I often create graphics and resources and share them freely. This page will serve as a one-stop location for me to post links for others to download and use these resources. Check back here regularly to see what’s new.
Black History Month Resources for the #HealthEd Classroom
Conversations about race and health is an area in which I have grown, but have much more work to do. I collate as many resources as I can and save them to a Pinterest board in order to return to them again and again. As we enter Black History Month, now is an opportune moment for you to explore the intersections of race and health and encourage your students to have conversations about disparity and inequity. It goes without saying that these conversations should be had often, and not just during any particular month. The African-American experience of health in America has often been a harsh one, and there is much to be done to address this. In this interactive calendar I have shared resources that highlight this experience, but also share links to stories of significant contributions to our subject from influential Black changemakers from the past and the present. I welcome ALL feedback in response to my sharing of some of my favorite resources that you can use in your teaching, or for your own personal journey.
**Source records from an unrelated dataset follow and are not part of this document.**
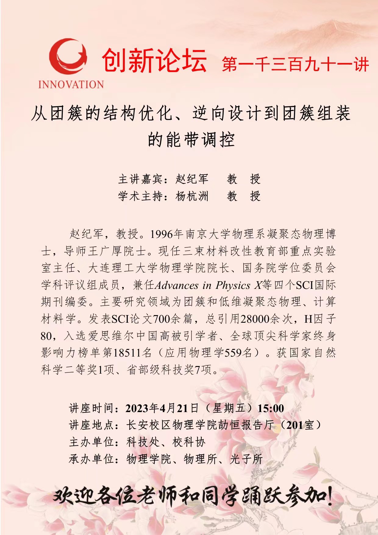 赵纪军 教 授 伟德国际1949始于英国创新论坛第一千三百九十一讲:从团簇的结构优化、逆向设计到团簇组装的能带调控 讲座时间 2023年4月21日(星期五)15:00 讲座地点 长安校区物理学院劼恒报告厅(201室) 讲座人介绍 赵纪军 教 授 讲座内容
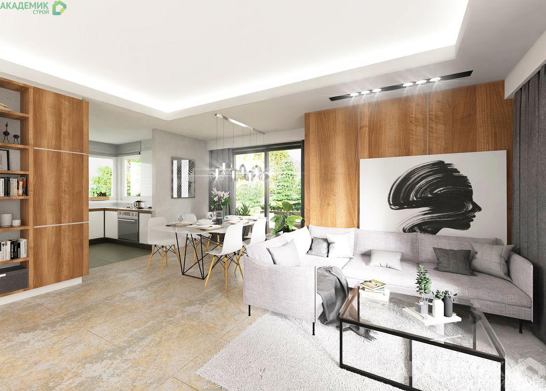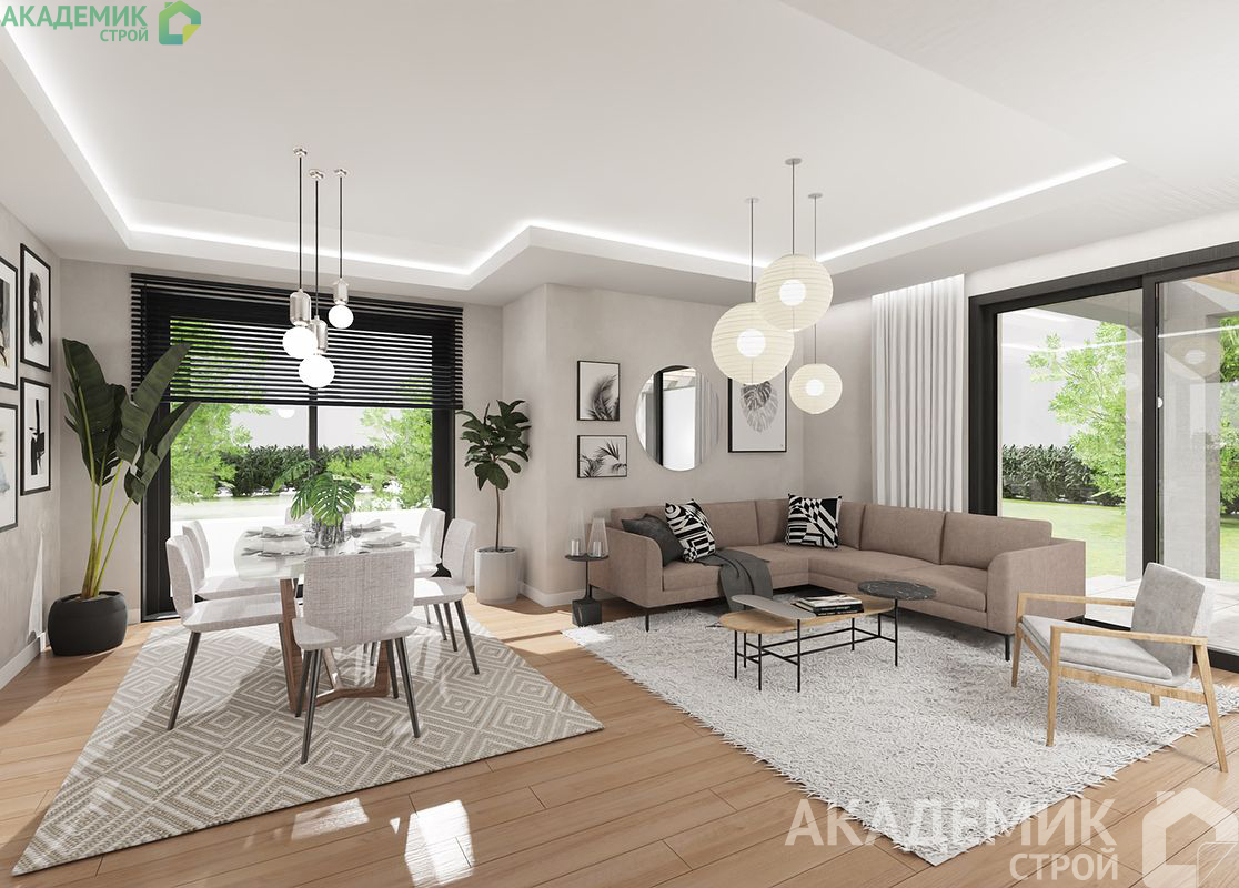 - Четкое деление на жилые и общественные зоны: комфортный первый этаж для гостей и семейных вечеров, приватный второй этаж с четырьмя спальнями.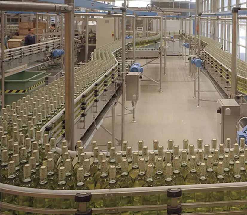 - Làm cho hai dây chuyền băng tải tấm xích thành một dây chuyền hỗn hợp có đầu và đuôi chồng lên nhau có thể làm cho các thùng chứa ở trạng thái chuyển tiếp động và không có chai nào bị bỏ lại trên đường băng tải, điều này có thể đáp ứng việc vận chuyển các chai rỗng và không có áp suất. đầy chai.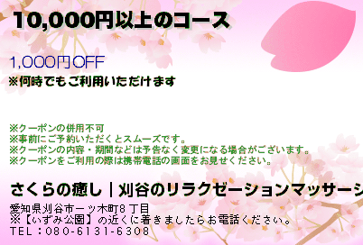 刈谷市 一ツ木駅徒歩8分にある刈谷市アジアンエステ「さくらの癒し」の口コミを書いてください。おすすめのコースは30分 / 3,980円~からとなっています営業時間は24時間営業 ですので080-6131-6308へお気軽にお問い合わせください。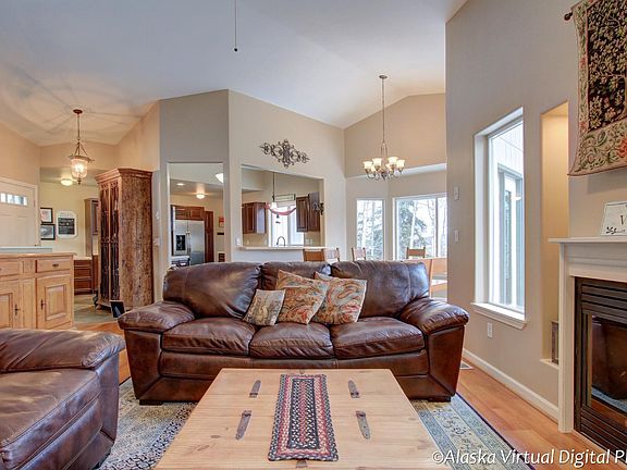 This beautiful four-bedroom home is located near hiking trails and situated on a big .94 acre lot! The kitchen provides tons of storage & is open to the living space. The master ensuite, second bedroom, & office are located just off the main living area. The finished walkout basement has two bedrooms, a second living space, AND a bonus room. RV parking & privacy, but only minutes from town/JBER!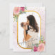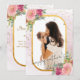 Cartão de saudação floral em aquarela com uma foto única da sua mãe! Corações cintilantes, dourado real e rosa. "Feliz Dia das Mães" é escrito em estilo caligráfico, quase como se fosse escrito com uma caneta no papel.
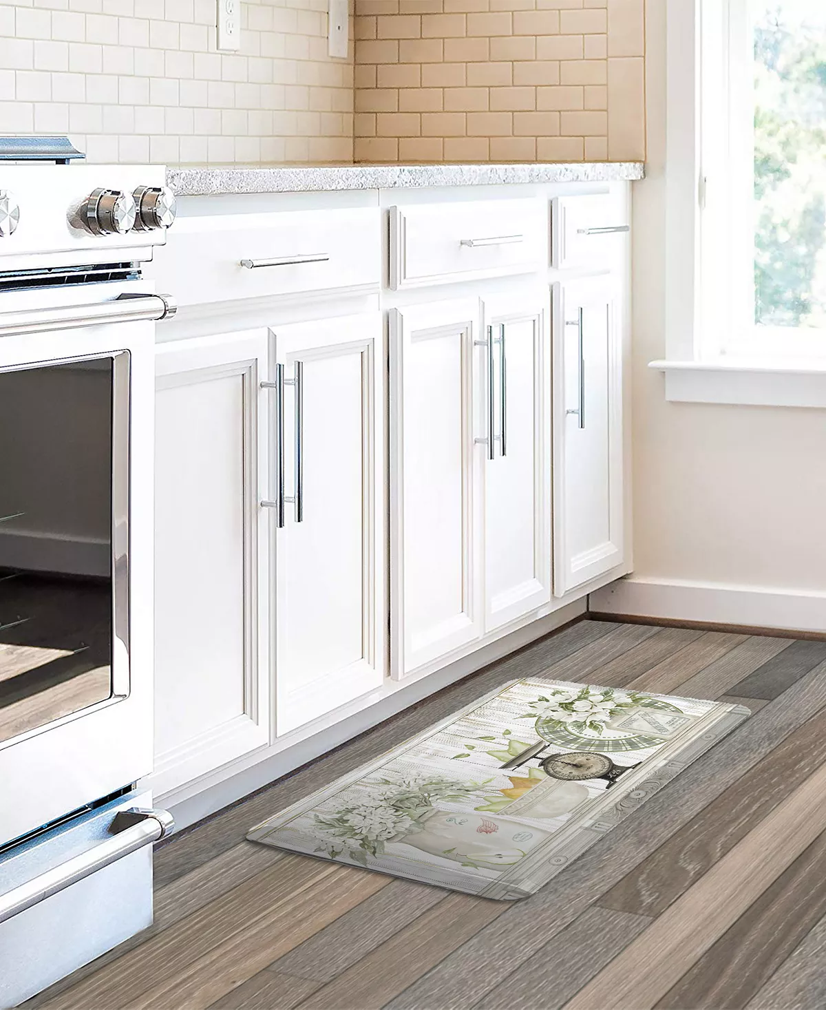 The simplistic and playful “French Pears” farmhouse kitchen mat comes to life using patterns and textures to create a unique illusory effect.
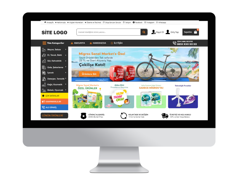 Sizin için hazırladığımız hazır e-ticaret tasarımlarından birini seçerek sanal mağazanızı dilediğiniz gibi düzenleyebilirsiniz.
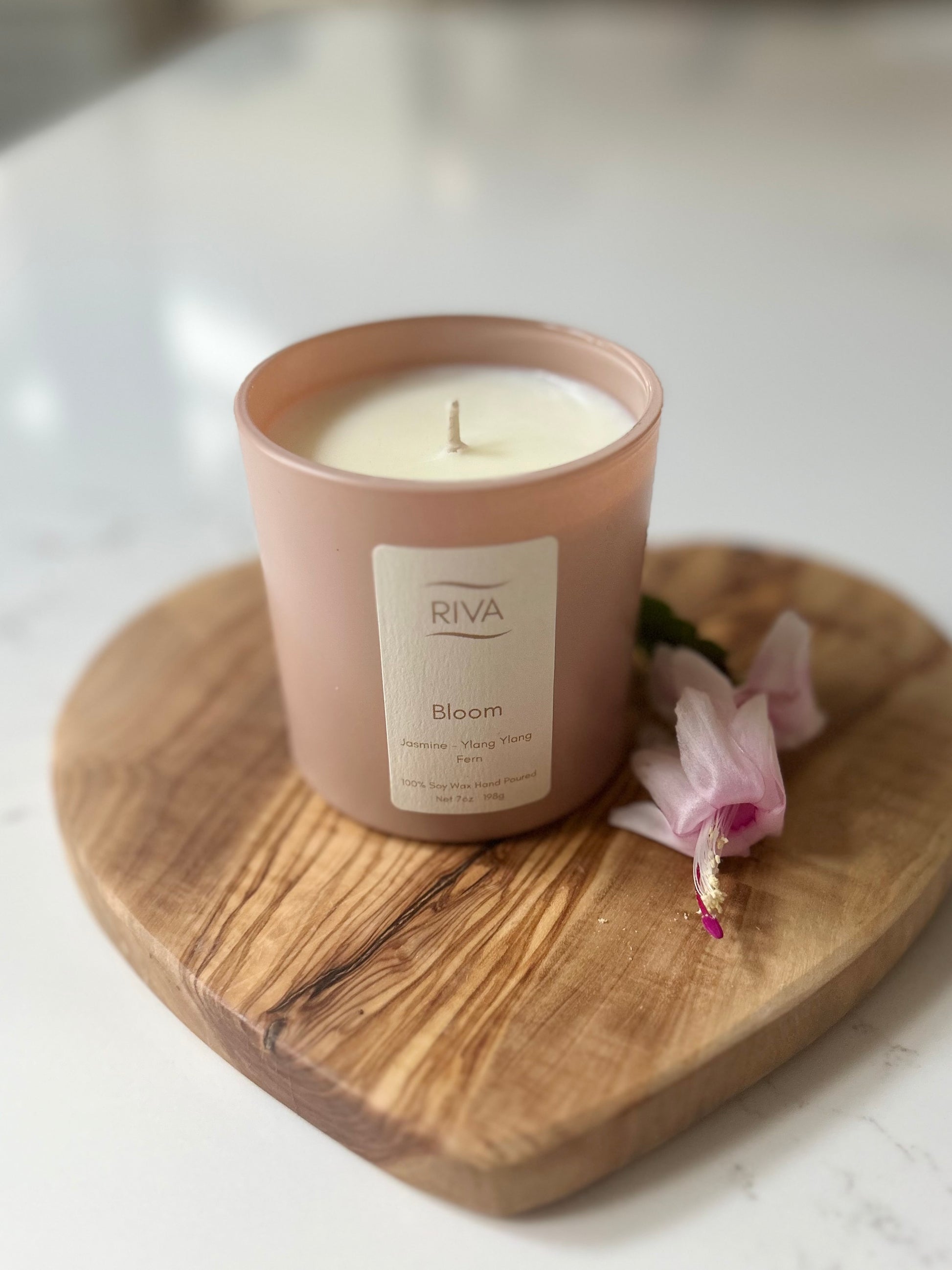 Bloom is a fragrant, floral scent with fresh green notes. The headiness of sweet jasmine and gardenia combines with moss and fern to delight thes senses.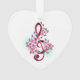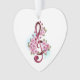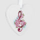 Pink treble clef with delicate, detailed pink Japanese cherry blossoms against white background painted over with light blue paint. Blooming pink sakura.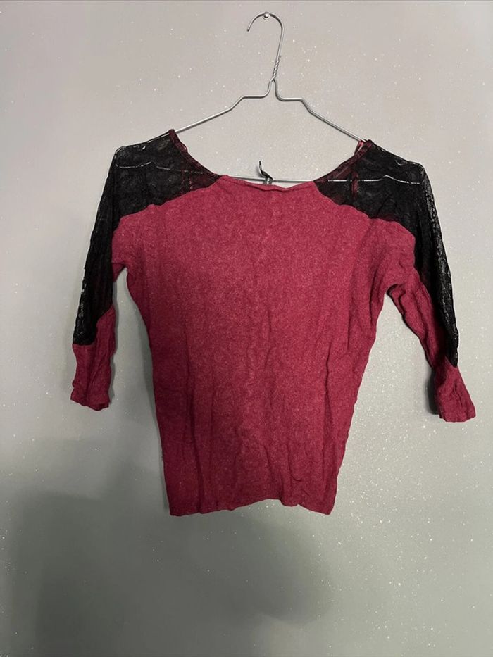 Haut Pull manches 3/4 Dentelle Bordeaux Naf Naf TS - photo numéro 3

Using techniques covered in this VERY popular blog post on creating virtual classrooms, my choice boards are simple, and have been well received by students. Created in Canva, each board embeds links to 16 themed resources that can be used in a variety of ways. They are a great asynchronous opportunity, or can be used over time to boost knowledge of a particular topic. They would make great sub plan lessons too!
Quite simply, students choose a resource that resonates with them and answer the three simple reflections at the end of the document. The questions that my students asked after the first use of the ‘Brain and Exercise’ board were so good I ended up Zooming an expert to get their response! The board below has links to magazine articles, New York Times articles, TED talks and podcast episodes – there’s something there for everyone!
Click on the image below to access the folder where I will drop each of my choice boards. They are interactive PDF’s, so make sure you share the PDF with your students and not a JPG image instead.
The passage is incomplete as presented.